対談は「恐竜の謎、生命の不思議」という題で、著者である生物学者の福岡伸一と古生物・恐竜学者の真鍋真が対談している。
内容は書名のとおりで、著者の「すきなもの」について綴っている。昆虫をテーマにしたエッセイがいくつかあるが、生物学エッセイ集という感じではなく、NDC分類も「914.6」(「日本文学」の「評論、エッセイ、随筆」)。自然科学の本として分類されていないが、福岡伸一の本ということで、ごく簡単に紹介することにした。
当サイトは自然科学の本の紹介サイトなので、まず、福岡伸一の最重要ワードである「動的平衡」にまつわるエッセイを紹介したい。
今回は「落款」をつくる話から、動的平衡の世界観をごく簡単に綴っている。この落款のデザインは、(このレビュー執筆時点で)婦人之友社のWEBサイトでも見ることができるが、著者はこの落款について「流れゆく水の渦巻き紋様にも、あるいは糾える縄模様にも見える。まさに動的平衡ここにあり」と綴っている。
動的平衡については、こう綴っている。「動的平衡とは、絶えず動きながらバランスを作りなおす営みのこと。私はそれが生命の一番大切な特性だと思っている。」(この後、もう少し説明が続く)

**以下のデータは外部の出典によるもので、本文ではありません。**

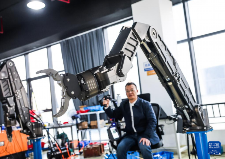 12月24日,在位于金华市金义新区的浙江凯富博科科技有限公司车间内,工作人员测试刚生产的液压机械臂。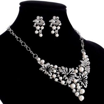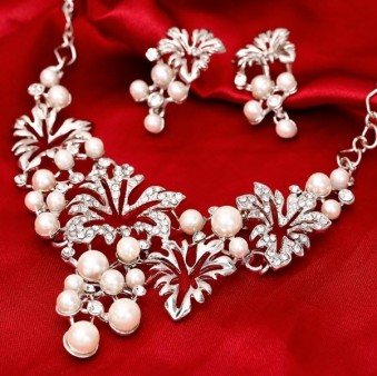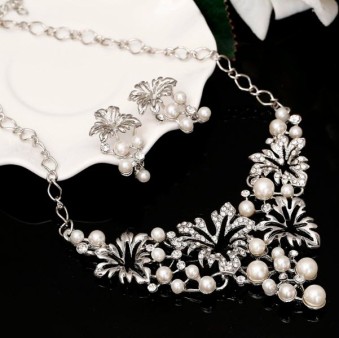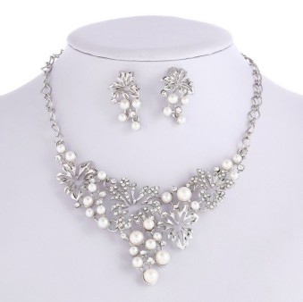 Set veritabil de bijuterii fashion pentru mireasa (colier si cercei), bijuterii adresate evenimentelor speciale din viata ta, cu un design de exceptie placate cu Perle si cristale stralucitoare.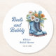 Blue Boots and Bubbly Blue Western Bridal Shower Round Paper Coaster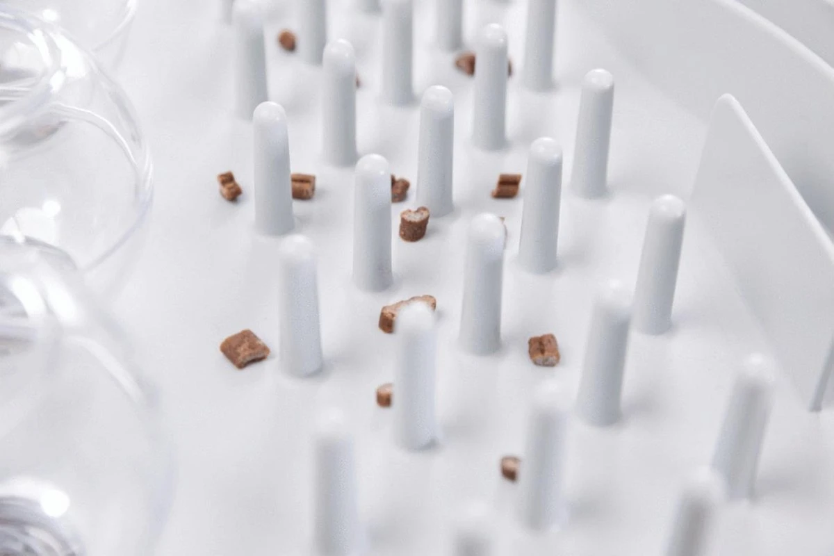 – Voorkomt schrokken doordat je kat langer bezig is met zijn eten te pakken krijgen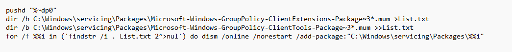 pushd "%~dp0" dir /b C:\Windows\servicing\Packages\Microsoft-Windows-GroupPolicy-ClientExtensions-Package~3*.mum >List.txt dir /b C:\Windows\servicing\Packages\Microsoft-Windows-GroupPolicy-ClientTools-Package~3*.mum >>List.txt for /f %%i in ('findstr /i . List.txt 2^>nul') do dism /online /norestart /add-package:"C:\Windows\servicing\Packages\%%i"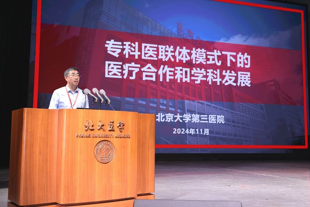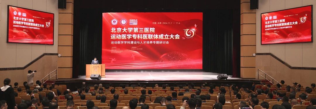 2024年11月1日下午13:30,北京大学第三医院运动医学专科医联体成立大会在医学部会议中心大礼堂顺利举行。第十四届全国人大常委会委员,山西省医学会会长卫小春教授,北京大学第三医院党委金昌晓书记,北京大学第三医院李蓉副院长,北京大学第三医院医务处胥雪冬处长,南方医科大学第三附属医院前院长,运动医学研究所所长蔡道章教授,北京大学第三医院运动医学专科医联体理事长、北京大学第三医院运动医学科主任王健全教授以及医联体34家常务理事单位,261家理事单位的专家代表,共500余人出席会议。

書き下ろしの「光る泥団子」は、つぎの二つの問いから始まる。
「第一問 土はなぜ黒いのでしょうか。」
「第二問 土の歴史は5億年。それはどんな意味を持つのでしょうか。」
この質問の後、地球誕生からの壮大な話が簡潔に綴られていく。
エッセイタイトル(テーマになる「すきなもの」の写真付)で1ページ、文章が2ページの気楽に読めるエッセイ。
ひとこと
書籍情報下のキーワードは一応「生命」としたが、もちろん「生命」について興味を持っている方が選ぶエッセイというわけではない。でも、このエッセイによって、「生命の一番大切な特性」と著者が語った「動的平衡」に興味を持った方もいるのではないだろうか。たびたび語られているので知っている方も多いと思うが、はじめて目にした方、そしてもっと知りたいと思った方には、『生物と無生物のあいだ』をおすすめしたい。